Mislearning from Censored Data: The Gambler's Fallacy and Other Correlational Mistakes in Optimal-Stopping Problems
Kevin He

TL;DR
This paper examines how biased agents with incorrect beliefs about correlations in random sequences learn from censored data in optimal-stopping problems, leading to systematic misestimations and early stopping.
Contribution
It introduces a model of endogenous learning with misperceptions about intertemporal correlations, highlighting the effects of the gambler's fallacy on beliefs and stopping behavior.
Findings
Agents with gambler's fallacy underestimate streak likelihoods.
They develop over-pessimistic beliefs about the mean, stopping prematurely.

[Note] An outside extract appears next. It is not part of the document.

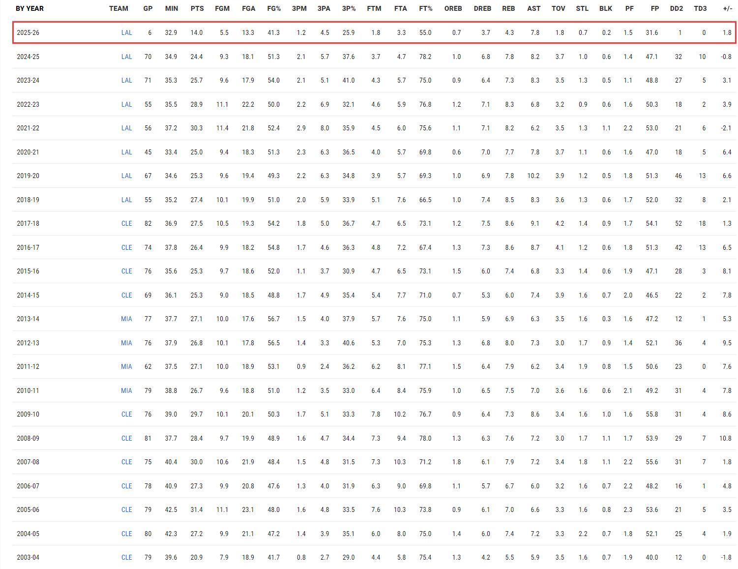 本賽季勒布朗出戰6場比賽,場均32.9分鐘,拿到14分4.3籃板7.8助攻0.7搶斷0.2蓋帽,命中率41.3%,三分命中率25.9%,罰球命中率55%。
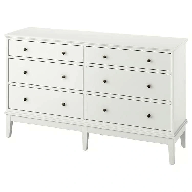 This is the IDANÄS 6-drawer dresser in white from IKEA. It offers ample storage with its six drawers. The dresser has a clean, modern design that fits well in various bedroom styles.

Overestimation of variance depends on stopping thresholds.
Abstract
I study endogenous learning dynamics for people who misperceive intertemporal correlations in random sequences. Biased agents face an optimal-stopping problem. They are uncertain about the underlying distribution and learn its parameters from predecessors. Agents stop when early draws are "good enough," so predecessors' experiences contain negative streaks but not positive streaks. When agents wrongly expect systematic reversals (the "gambler's fallacy"), they understate the likelihood of consecutive below-average draws, converge to over-pessimistic beliefs about the distribution's mean, and stop too early. Agents uncertain about the distribution's variance overestimate it to an extent that depends on predecessors' stopping thresholds. I also analyze how other misperceptions of intertemporal correlation interact with endogenous data censoring.